The majority of those savings were in cost of goods sold (CoGS) and labor. “A healthy $600,000 of it was in labor, and probably half a million was in food and liquor, beer, wine (LBW) costs,” he reported.
“We’ve obviously closed that gap significantly in a tough environment, with COVID and restrictions and commodity pressure. We’ve done a heck of a job remaining profitable throughout a really, really tough time,” he said. I wish I had last year sales now with everything we have in place, because we’d be printing cash out the back door.”
One key piece of Eli’s results has been addressing the variance in its AvT costs. Combined with recipe costing and inventory management, the restaurant group was able to accurately evaluate menu item profitability.
Eli’s started by examining regular menu items that weren’t pulling the type of profit they needed, and operators were able to get a grip on the pricing for the in-house specials run by individual locations. The increased accuracy in CoGS was especially important for the catering arm of the business, which dealt with huge orders.
Mr. Steinbach explained the multi-tier benefit of applying Restaurant365 to food costs. “Not only do we actually know what our theoretical food cost is now, but we’ve been able to lower the theoretical and make vast improvements in lowering our actual food cost and LBW costs as well.”
From being able to drill into recipes to make sure they are costed appropriately, “I’d say our theoretical has been 2.5-3% improved through that process,” he reported. “The Restaurant365 system has been absolutely critical to us being able to do that.”
Mr. Steinbach estimated that before the company started to implement Restaurant365 on the operations side, Eli’s was 70-80% efficient for all units. “Now, the average is 92-93% across all food and drink,” he reported.
Expanding the use of Restaurant365 with Eli’s Restaurant Group was a worthwhile investment, he said, given how powerful and intuitive the system is. “The ease and simplicity of the system for what you get is absolutely worth it… It’s operator-friendly and easy to navigate,” Mr. Steinbach summarized.

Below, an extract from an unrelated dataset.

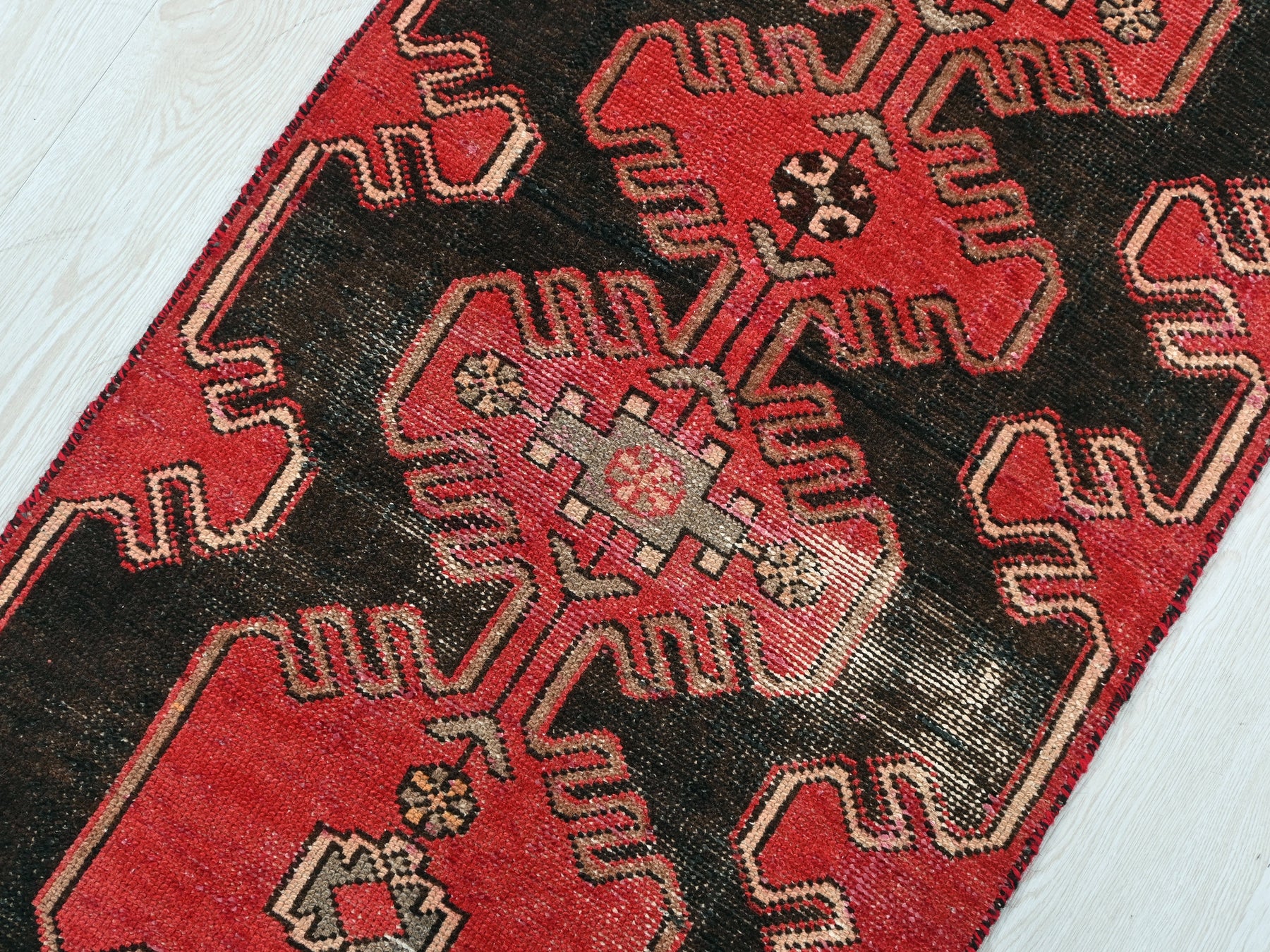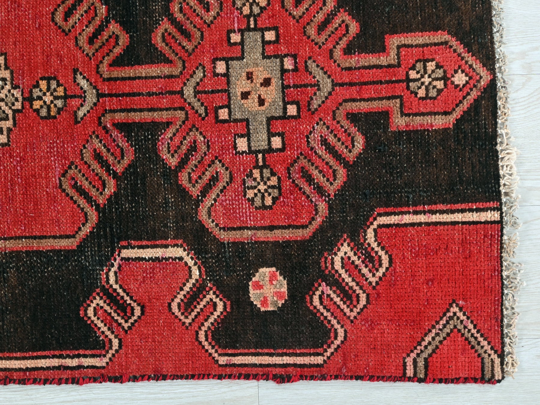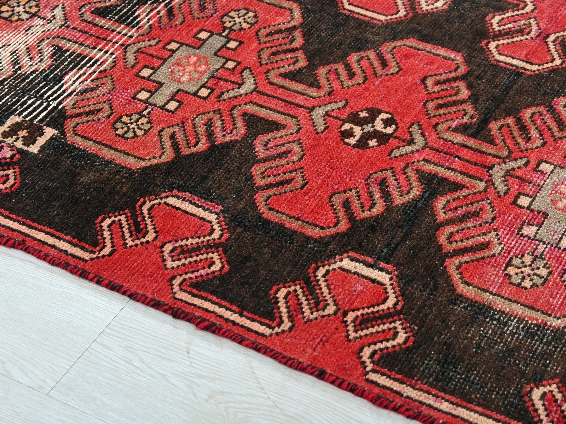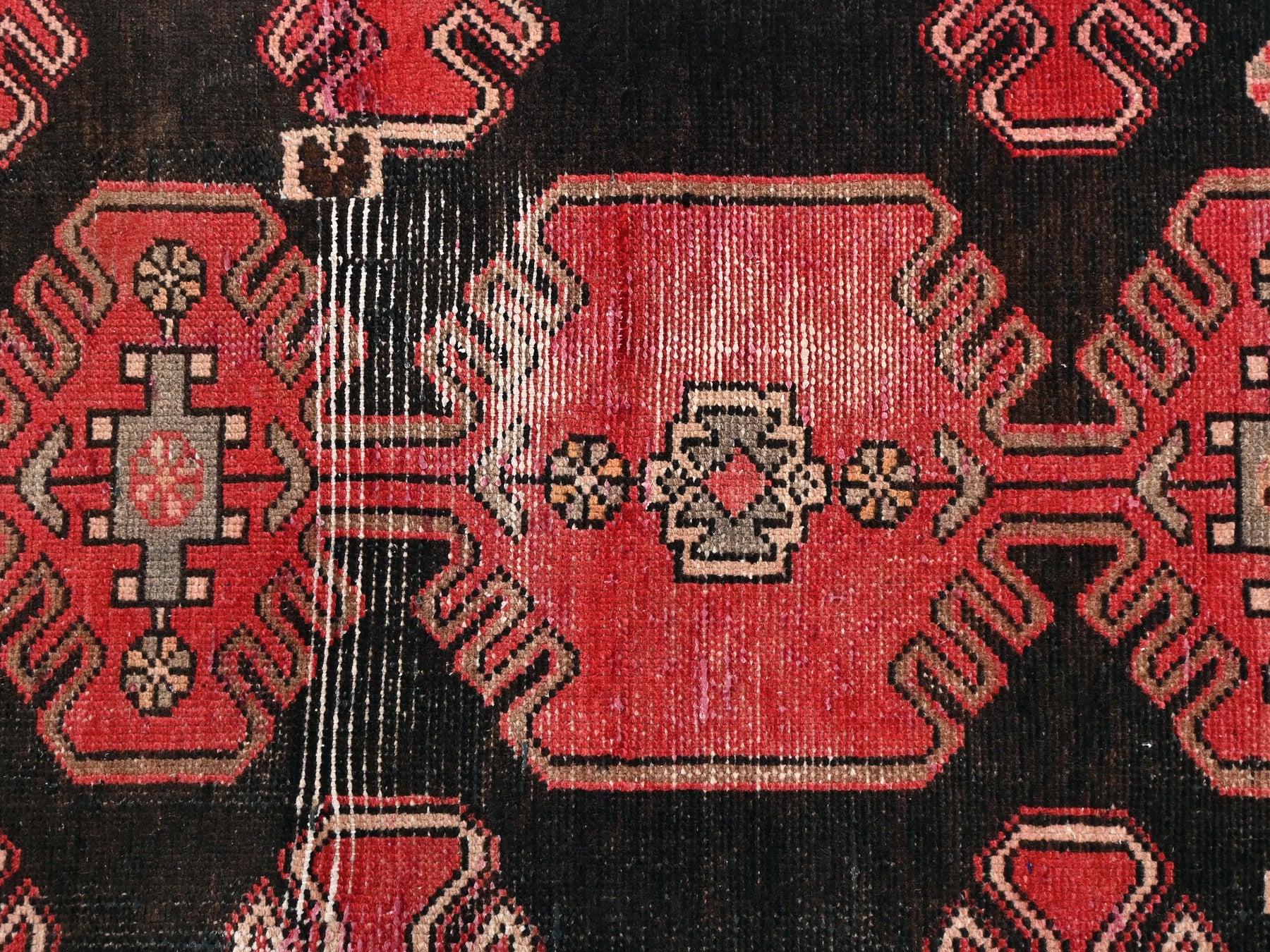 This is a hand-knotted, one-of-a-kind vintage rug. Due to the nature of this piece, there may be slight imperfections in its wear, shape, dimensions, and color. All of our rugs are professionally cleaned and repaired.

As Eli’s prepares for the future, including possible new local COVID restrictions, the tools and time savings offered by Restaurant365 are essential for planning. To be able to understand the product mix, profit margin within “a couple clicks” helps the team make decisions on what to push, what to discount, and how to protect margins.
“When the owners call up and say, ‘I want to know this bit of information’, it’s nice to not have to think, ‘Oh, I need to clear out the next three days, get out my abacus and sundial, and try to figure it out,'” Mr. Steinbach joked.
“Most of the time we can pretty quickly and easily run the report, customize it, push and pull, do whatever we need to do. And in a very short amount of time, we are able to get that data back to them.”
“The amount of data that we have at our fingertips now is unlike anything that we’ve had for 20-25 years of our existence,” he concluded.